To address the benefits and limitations of oral cancer screening and the use of adjunctive screening aids to visualise and detect potentially malignant and malignant oral lesions. Squamous cell carcinomas of the lips and cancers of the oropharynx (including the posterior one-third of the base of the tongue and the tonsils were excluded.


A specially convened expert panel evaluated the available evidence which was derived from a systematic search of Medline and the Cochrane Library. Further details about the search are available in a supplement to the published article available on the Journal of the America Dental Association's website (http://jada.ada.org/cgi/content/full/141/5/509). Qualitative synthesis of the data was performed by the panel. Where consensus could not be reached majority voting was employed. Recommendations were reviewed by internal and external scientific experts and organisations. After review recommendations were revised where appropriate and the ADA Council on Scientific Affairs approved the final clinical recommendations.
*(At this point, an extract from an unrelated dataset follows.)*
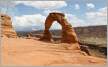Und dann stehen wir vor dem berühmtesten aller Bögen des Nationalparks, und schon auf den ersten Blick ist uns klar, dass er eine solche Bezeichnung verdient hat. Die Rede ist vom Delicate Arch. Rund 20 Meter hoch und etwa 70.000 Jahre alt ist der Bogen aus rotem Sandstein, und schon von der Form her ist er eine eindrucksvolle Erscheinung. Doch das ist es nicht allein, worauf sein Ruhm sich gründet. Ganz wesentlich ist auch der Hintergrund, vor dem er seine Wirkung entfaltet - die fast 4.000 m hohen Berge der La Sal Mountains mit Schnee auf den Gipfeln, was in dieser wüstenähnlichen Landschaft beinahe skurril anmutet. Weil dieses Ensemble so eindrucksvoll ist, haben die Verantwortlichen in Utah es auf das Autokennzeichen ihres Bundesstaates gesetzt, auf dass jedermann immer wieder sehe, was Utah zu bieten hat. Bei den Touristen, die auf einem nicht ganz leicht zu begehenden Pfad zum Delicate Arch hinpilgern, um sich anschließend unter ihm ablichten zu lassen, ist diese Botschaft angekommen: ein perfekt geformter Steinbogen vor einem grandiosen Hintergrund, und unter dem Bogen ein kleiner Mensch - das ideale Urlaubsfoto für einen selbst und für die Lieben daheim. Laut Reiseführer gehört der Delicate Arch zu den am meisten fotografierten Naturdenkmälern der Welt, und wenngleich Reiseführer oft schummeln und ihre jeweiligen Inhalte in den Rang von Weltsensationen erheben - in diesem Fall dürften sie mit ihrer Behauptung durchaus richtig liegen.
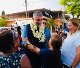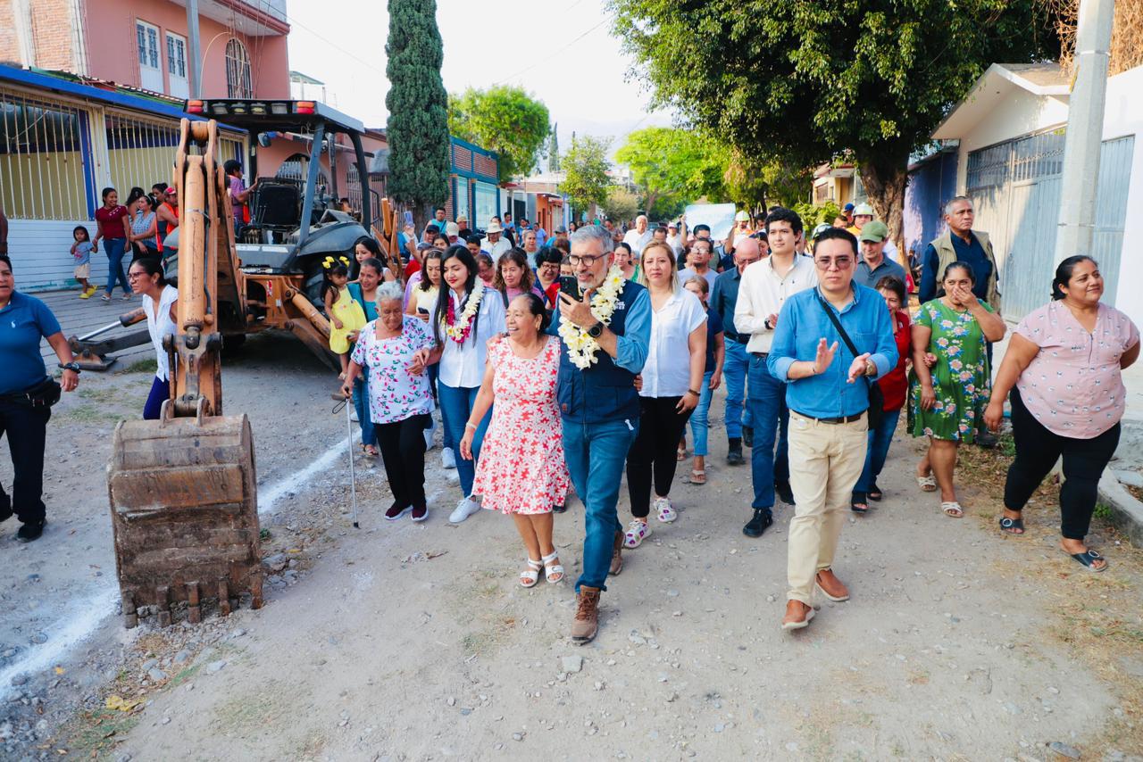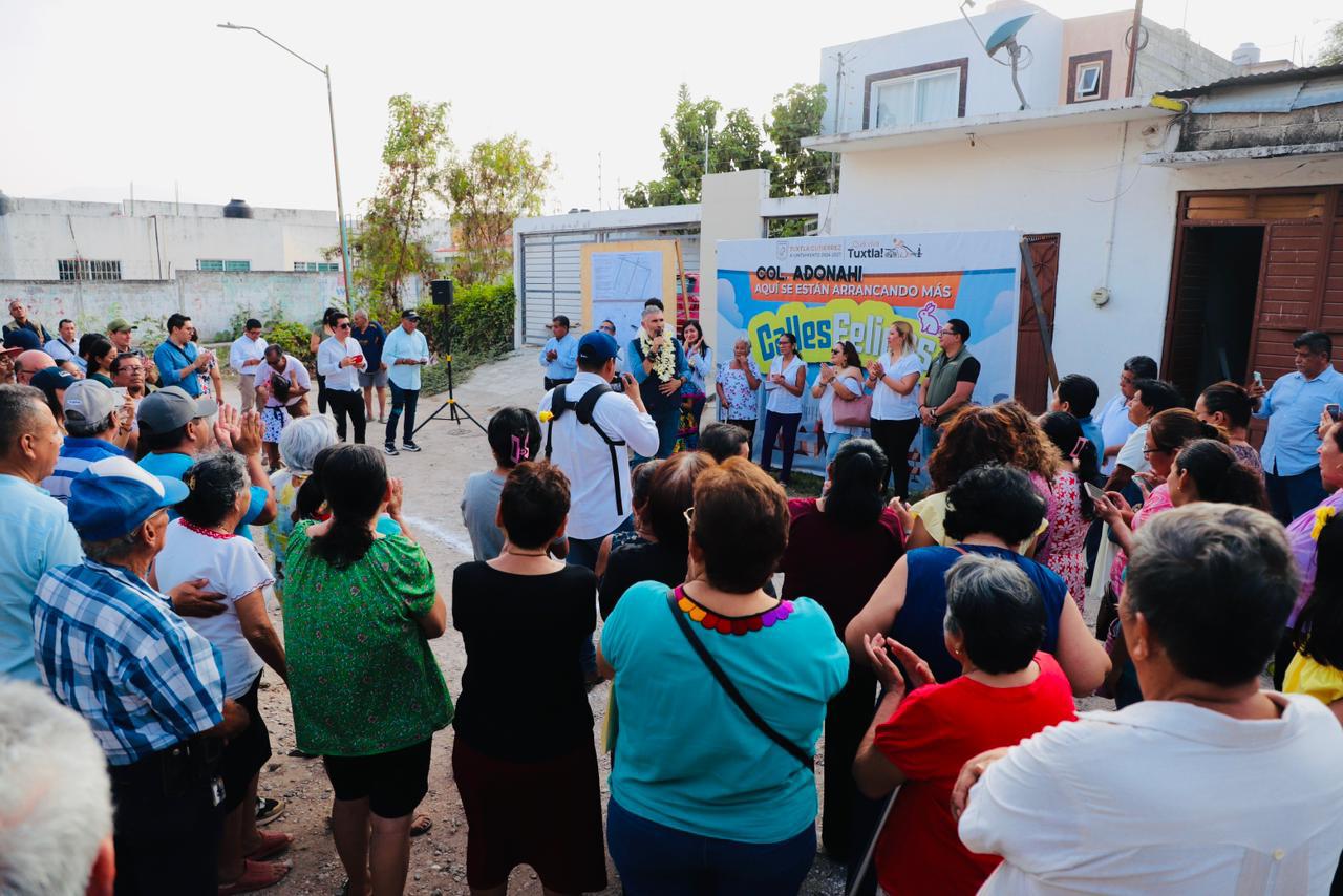 Con porras y muestras de respaldo fue recibido el presidente Angel Torres al llegar a la colonia Adonahí para dar el banderazo a los trabajos de pavimentación de la calle San Bartolomé, como parte del programa Calles Felices, el cual continúa llegando a colonias, barrios, ejidos y fraccionamientos de la capital.

No information provided in article.


The key recommendations were all classified as level D being based on grade IV evidence or extrapolated from grade I, II or III evidence using a system based on Shekelle et al.(1) The main recommendations can be summarised as:1) Clinicians should remain alert for signs of potentially malignant lesions or early-stage cancers in all patients while performing routine visual and tactile examinations, particularly for patients who use tobacco or who are heavy consumers of alcohol. 2) For seemingly innocuous lesions, clinicians should follow up in seven to 14 days to confirm persistence after removing any possible cause to reduce the potential for false-positive screening results. 3) For lesions that raise suspicion of cancer or for lesions that persist after removal of a possible cause, clinicians should communicate the potential benefits and risks of early diagnosis. Considerations include the following: a) that even suspicious lesions identified during the course of a routine visual and tactile examination may represent false positives; b) that clinical confirmation (a second opinion) can be sought from a dental or medical care provider with advanced training and experience in diagnosis of oral mucosal disease so as to reduce the potential for a false positive or false negative oral cancer screening result; c) that a malignancy or non-malignancy can be confirmed only via microscopic examination that requires a surgical biopsy; d) that a decision to pursue a biopsy to confirm the presence or absence of malignancy should be made in the context of informed consent. 4) Although transepithelial cytology has validity in identifying disaggregated dysplastic cells, the panel suggests surgical biopsy for definitive diagnosis.


In all, 15 separate research recommendations were made ranging from determining the prevalence of potentially malignant oral mucosal lesions in the United States to whether the use of adjunctive devices improves patient education and adherence to follow-up care.